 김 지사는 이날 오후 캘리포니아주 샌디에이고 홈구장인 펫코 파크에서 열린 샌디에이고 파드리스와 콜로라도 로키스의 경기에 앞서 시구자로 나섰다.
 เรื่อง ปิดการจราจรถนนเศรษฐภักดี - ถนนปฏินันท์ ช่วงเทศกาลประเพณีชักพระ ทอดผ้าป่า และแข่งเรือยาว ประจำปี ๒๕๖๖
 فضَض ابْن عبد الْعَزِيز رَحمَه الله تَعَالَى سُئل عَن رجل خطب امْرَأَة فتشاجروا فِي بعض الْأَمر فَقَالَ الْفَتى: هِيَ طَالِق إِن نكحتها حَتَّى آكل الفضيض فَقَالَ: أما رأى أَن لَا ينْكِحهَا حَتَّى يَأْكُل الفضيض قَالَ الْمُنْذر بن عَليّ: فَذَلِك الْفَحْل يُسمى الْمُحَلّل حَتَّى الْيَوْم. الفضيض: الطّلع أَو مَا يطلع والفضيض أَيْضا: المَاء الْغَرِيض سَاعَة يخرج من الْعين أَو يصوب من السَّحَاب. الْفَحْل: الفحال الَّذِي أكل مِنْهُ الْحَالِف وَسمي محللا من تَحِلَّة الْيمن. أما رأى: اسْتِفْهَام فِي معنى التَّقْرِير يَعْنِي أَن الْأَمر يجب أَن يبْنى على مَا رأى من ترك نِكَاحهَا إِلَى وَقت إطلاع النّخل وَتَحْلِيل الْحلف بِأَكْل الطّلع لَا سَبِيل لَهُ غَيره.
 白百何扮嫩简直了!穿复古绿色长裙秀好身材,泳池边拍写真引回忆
-- -- --
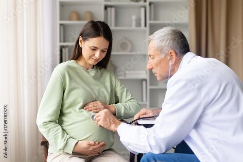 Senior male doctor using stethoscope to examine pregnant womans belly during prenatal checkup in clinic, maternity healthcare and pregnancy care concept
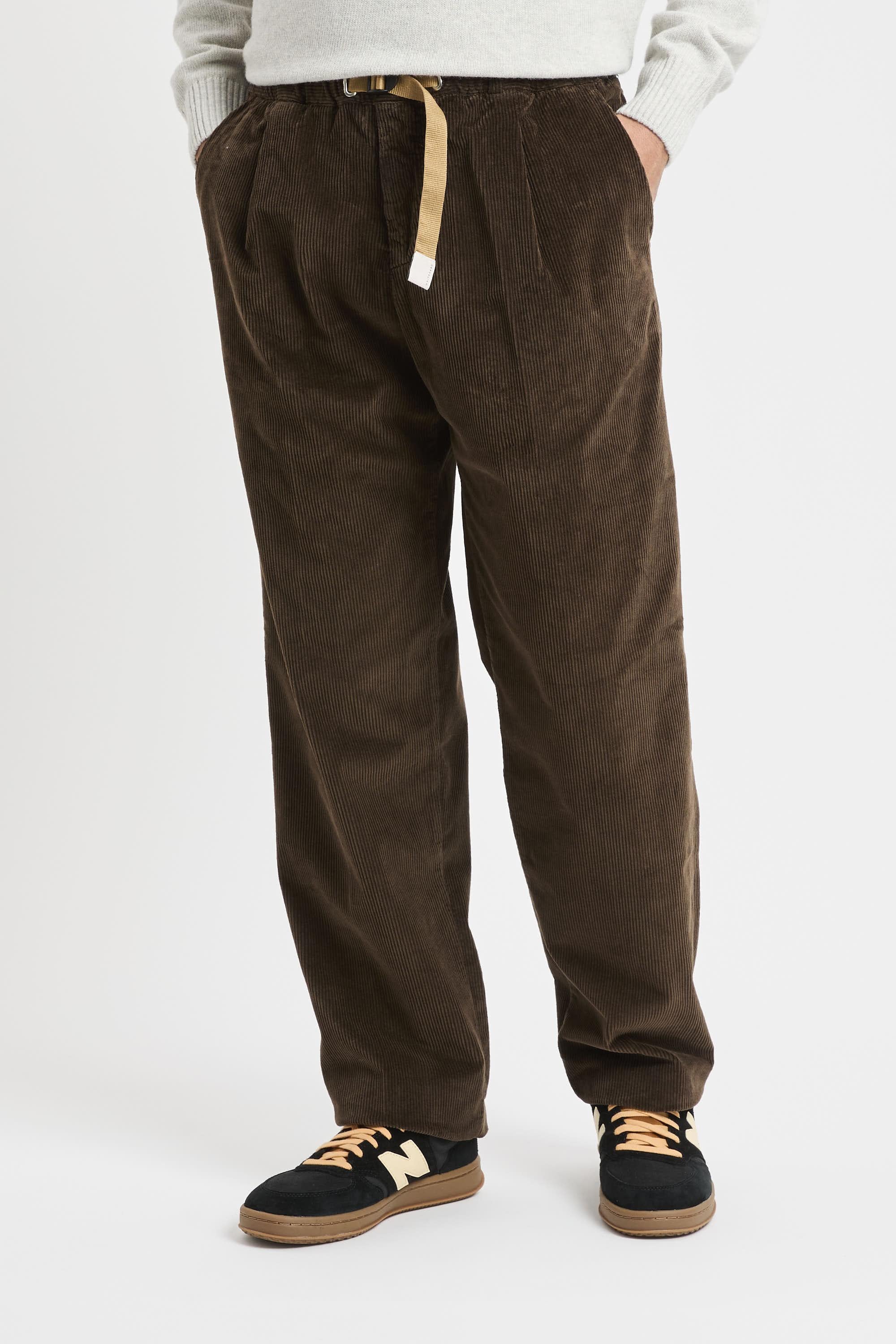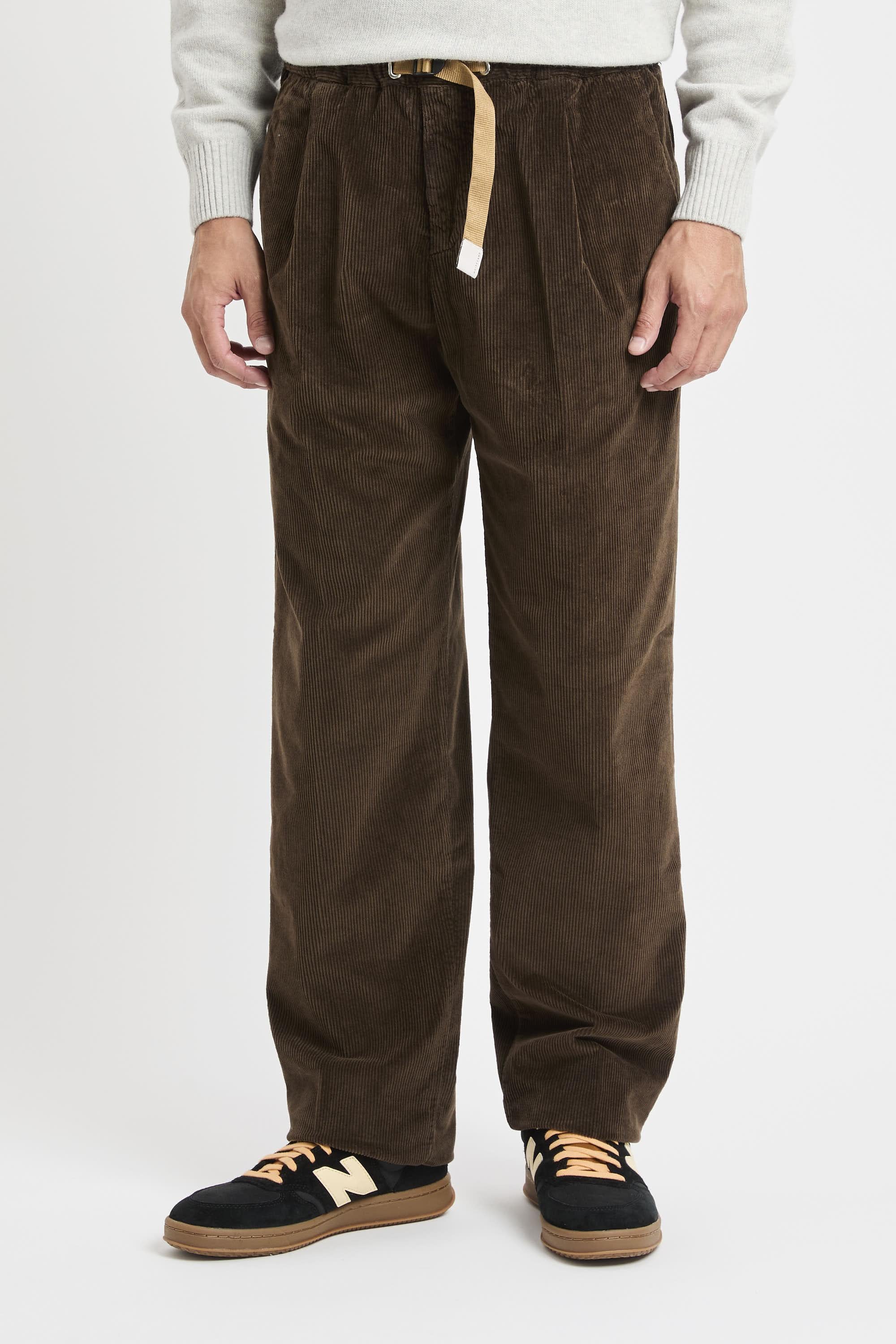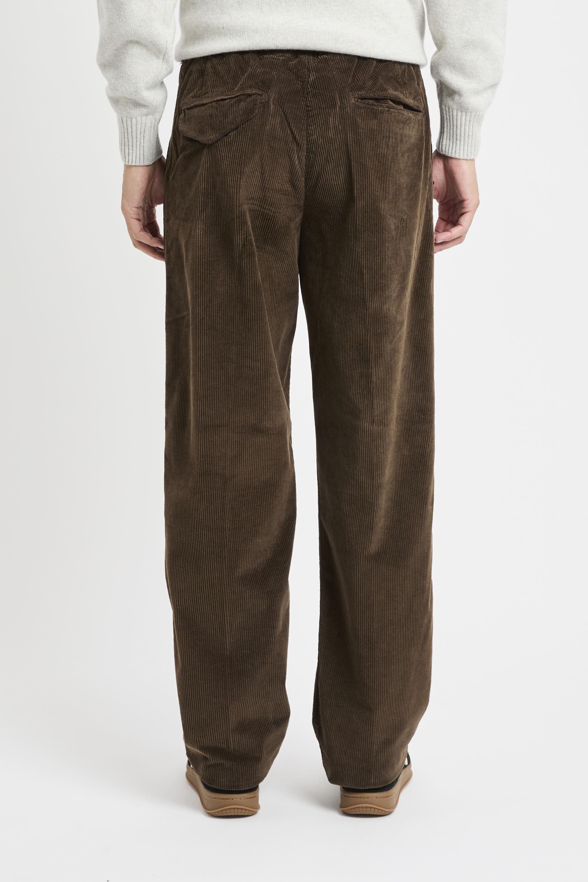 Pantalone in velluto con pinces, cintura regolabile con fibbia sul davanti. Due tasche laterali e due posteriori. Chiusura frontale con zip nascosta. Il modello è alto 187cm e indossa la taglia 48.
-- -- --
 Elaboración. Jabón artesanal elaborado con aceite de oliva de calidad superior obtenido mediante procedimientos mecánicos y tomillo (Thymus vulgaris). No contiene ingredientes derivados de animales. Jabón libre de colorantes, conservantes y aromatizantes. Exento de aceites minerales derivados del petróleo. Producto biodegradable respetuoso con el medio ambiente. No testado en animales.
-- -- --
WORK TO BE COMPLETED: When you reach the line in the material above that holds "เรื่อง ปิดการจราจรถนนเศรษฐภักดี - ถนนปฏินันท์", begin reproducing lines exactly, and stop after the line that holds "白百何扮嫩简直了!穿复古绿色长裙秀好身材,泳池边拍写真引回忆".

SOLUTION FOR THIS PROBLEM:
 เรื่อง ปิดการจราจรถนนเศรษฐภักดี - ถนนปฏินันท์ ช่วงเทศกาลประเพณีชักพระ ทอดผ้าป่า และแข่งเรือยาว ประจำปี ๒๕๖๖
 فضَض ابْن عبد الْعَزِيز رَحمَه الله تَعَالَى سُئل عَن رجل خطب امْرَأَة فتشاجروا فِي بعض الْأَمر فَقَالَ الْفَتى: هِيَ طَالِق إِن نكحتها حَتَّى آكل الفضيض فَقَالَ: أما رأى أَن لَا ينْكِحهَا حَتَّى يَأْكُل الفضيض قَالَ الْمُنْذر بن عَليّ: فَذَلِك الْفَحْل يُسمى الْمُحَلّل حَتَّى الْيَوْم. الفضيض: الطّلع أَو مَا يطلع والفضيض أَيْضا: المَاء الْغَرِيض سَاعَة يخرج من الْعين أَو يصوب من السَّحَاب. الْفَحْل: الفحال الَّذِي أكل مِنْهُ الْحَالِف وَسمي محللا من تَحِلَّة الْيمن. أما رأى: اسْتِفْهَام فِي معنى التَّقْرِير يَعْنِي أَن الْأَمر يجب أَن يبْنى على مَا رأى من ترك نِكَاحهَا إِلَى وَقت إطلاع النّخل وَتَحْلِيل الْحلف بِأَكْل الطّلع لَا سَبِيل لَهُ غَيره.
 白百何扮嫩简直了!穿复古绿色长裙秀好身材,泳池边拍写真引回忆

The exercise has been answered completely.